A assembleia-geral da Associação Portuguesa de Editores e Livreiros (APEL) de quarta-feira à noite, na qual foi eleita a nova direcção, foi morna como uma cerveja morta. A única lista apresentada, apesar de contestada por alguns associados, foi aprovada por absoluta falta de concorrência. «Só podia ser assim, não existindo alternativas. Os associados têm a associação que merecem», comentou Pedro Moura Bessa, da Civilização, um dos vice-presidentes da direcção cessante, que recusou colocar a sua assinatura no relatório de actividades relativo a 1994 (ver PÚBLICO de 26/4/95).
A única novidade foi a existência de 22 votos nulos -- os boletins não têm a opção de votar contra --, com todos os nomes riscados, em contraste com os 86 «sins» à nova direcção depositados nas urnas, parte significativa vindos pelo correio. «O normal é a quase unanimidade, com a direcção anterior a propor a seguinte, num clima de consenso», explica Zeferino Coelho, da Caminho, um dos sócios que se absteve para dizer «não» à lista presidida por José Manuel Lello (das livrarias Prólogo e Lello).
Os motivos que levaram a Caminho a votar contra prendem-se com a falta de protagonismo da direcção cessante na defesa dos problemas que afectam editores e livreiros -- do preço ao fixo ao IVA, passando pela falta de apoio à modernização. «Esta direcção sai da anterior, por isso não creio que se registem melhorias», afirmou Zeferino Coelho. Tem, no entanto, o «benefício da dúvida» de Moura Bessa.
Mas, como não vêem uma forte indicação de mudança na nova direcção -- empossada logo no final da assembleia --, estes associados da APEL receiam os embates dos próximos anos em empresas já tão frágeis como o são as editoras e livrarias portuguesas. «Estamos numa fase de grandes mudanças, na qual o amadorismo é cada vez menos possível», afirma Moura Bessa.
«Começam a ocorrer alterações no sector livreiro, ditadas por uma concorrência cada vez mais forte. Terá de existir uma reorganização, um maior profissionalismo e diferentes estratégias empresariais», afirma Francisco Espadinha, da Presença, presidente da direcção anterior à que agora cessou funções, e uma das figuras mais gradas da oposição interna na associação (ver PÚBLICO de 18/4/94).
Embora não ligado a este grupo de oposição, Moura Bessa acusa a direcção cessante -- à qual pertenceu, mas de cuja gestão se distanciou -- de ter funcionado «sempre a reboque dos acontecimentos», de parecer «sempre apanhada de surpresa». Dando portanto uma «má imagem» para o exterior, facilmente detectável pelo carácter vago do relatório de actividades, que enumera os acontecimentos do ano de uma forma meramente «descritiva, sem qualquer interpretação ou indicação do sentido da política da direcção».

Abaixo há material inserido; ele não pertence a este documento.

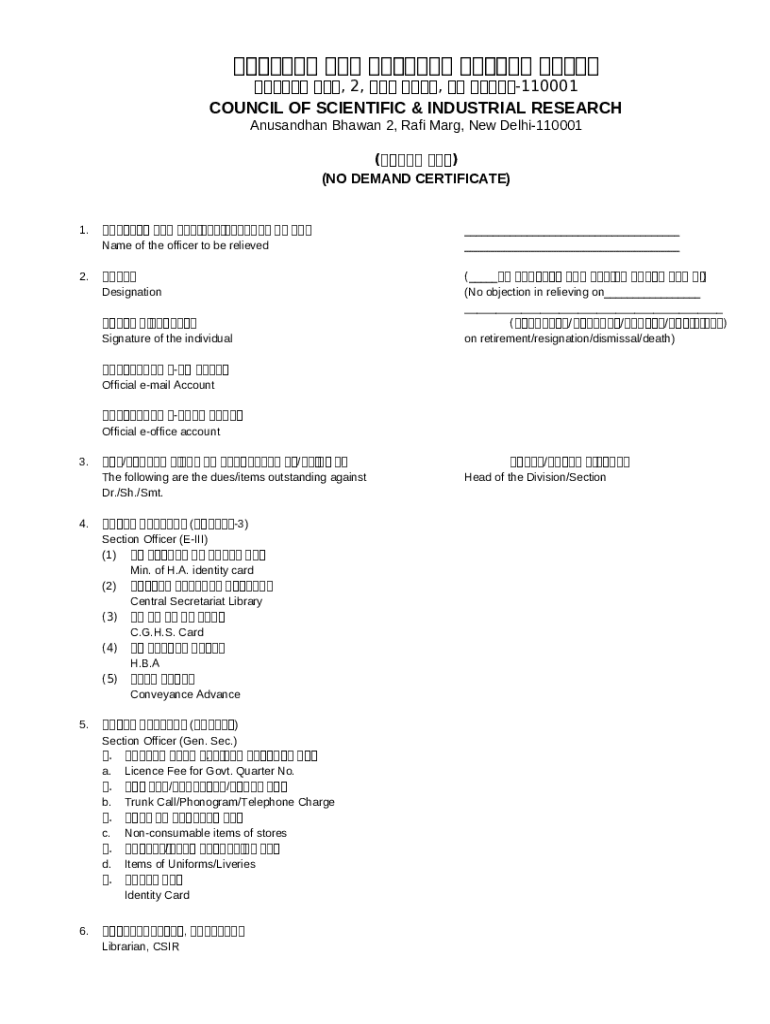 Instructions for the form No Demand CertificateCouncil of Scientific & Industrial ...

Mas o pior de tudo é que o problema não é apenas de conjuntura, é mesmo estrutural: «Isto nem sequer é uma crítica específica a esta direcção», diz Moura Bessa. As coisas sempre foram assim, mas a mudança é cada vez mais inadiável. «Os editores queixam-se de serem desconsiderados pelos organismos públicos. O Presidente da República nunca se lembra de levar editores na sua comitiva. Mas a culpa também é dos editores, que não fazem grande coisa para serem considerados», acrescenta.

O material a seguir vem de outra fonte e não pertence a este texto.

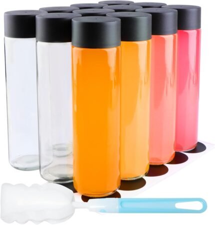 Price: (as of – Details) Product description 𝗣𝗥𝗘𝗠𝗜𝗨𝗠 𝟭𝟮-𝗣𝗔𝗖𝗞 𝗚𝗟𝗔𝗦𝗦 𝗕𝗢𝗧𝗧𝗟𝗘𝗦: 12 high-quality, thick glass milk bottles (200ml/6.8oz each) with
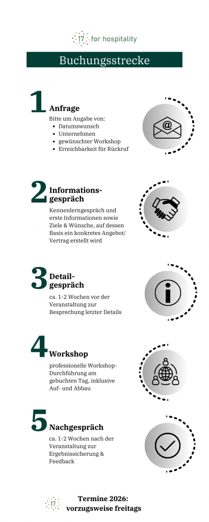 - Ausführliche Vorbesprechung und ggfs. individuelle Workshop-Anpassung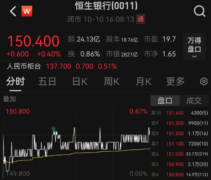 公告顯示,這一價格較恆生銀行近期股價溢價超30%。市場對此反應迅速,上述公告發布後,恆生銀行股價兩日累計上漲超25%,截至10月10日收盤報150.4港元/股。

No entanto, afirma Espadinha, «o descontentamento e crítica são atitudes ainda muito difusas. Vai-se manifestando de uma forma muito fragmentária, não se reveste ainda do carácter de movimento». O que «se vai gerando é a consciência de que terá de haver alterações de fundo na APEL.» Mas, para as haver, «é necessário um debate alargado sobre a estratégia associativa. Isso não tem sido feito», adianta. Urgente é que «a nova direcção defina uma orientação programática objectiva».
Para esse debate, assegura, «há vários sócios da APEL disponíveis a intervir, não contra A ou B, mas na defesa do sector». O falhanço na elaboração de uma lista concorrente à apresentada pela direcção de Souza-Pinto atribui-o a Francisco Espadinha a uma certa lentidão na reacção. «Devia ter criada uma tendência mais forte de apoio a uma segunda lista».

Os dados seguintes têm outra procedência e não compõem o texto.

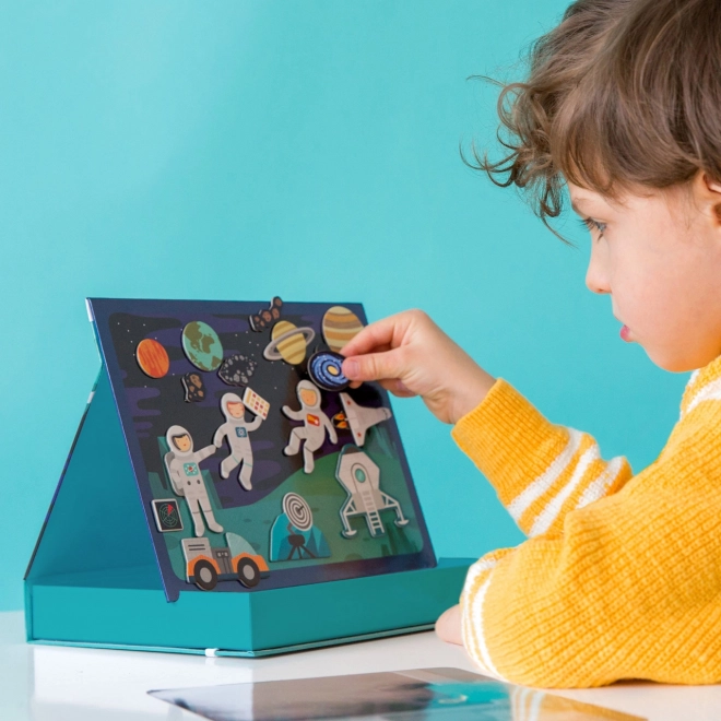 Odkryj kreatywny świat z magnetycznym teatrzykiem o tematyce kosmicznej, który oferuje dzieciom dwa tła i ponad 50 magnetycznych elementów do tworzenia własnych opowieści. Przenośny zestaw do zabawy ze sprytnym pudełkiem w formie stojaka, szybkie sprzątanie dzięki elastycznej gumce oraz solidna, ekologiczna konstrukcja z materiałów z recyklingu gwarantują długą zabawę w domu i w podróży.

Souza-Pinto defende a sua dama em contra-ataque: «Que isto fique claro como água, de uma vez por todas: quando se tenta organizar uma oposição -- o que é positivo, não podemos estar sempre todos de acordo --, há que apresentar alternativas. Jogar pelas regras do jogo, apresentando uma outra lista».
Margarida Dias Pinheiro, da Livraria Férin, uma das novas vice-presidentes da APEL, apresenta-se apaziguadora. «Do meu ponto de vista, a reunião correu bem. Registei todos os reparos, que são sempre bons para repensar as coisas. O importante é congregar esforços».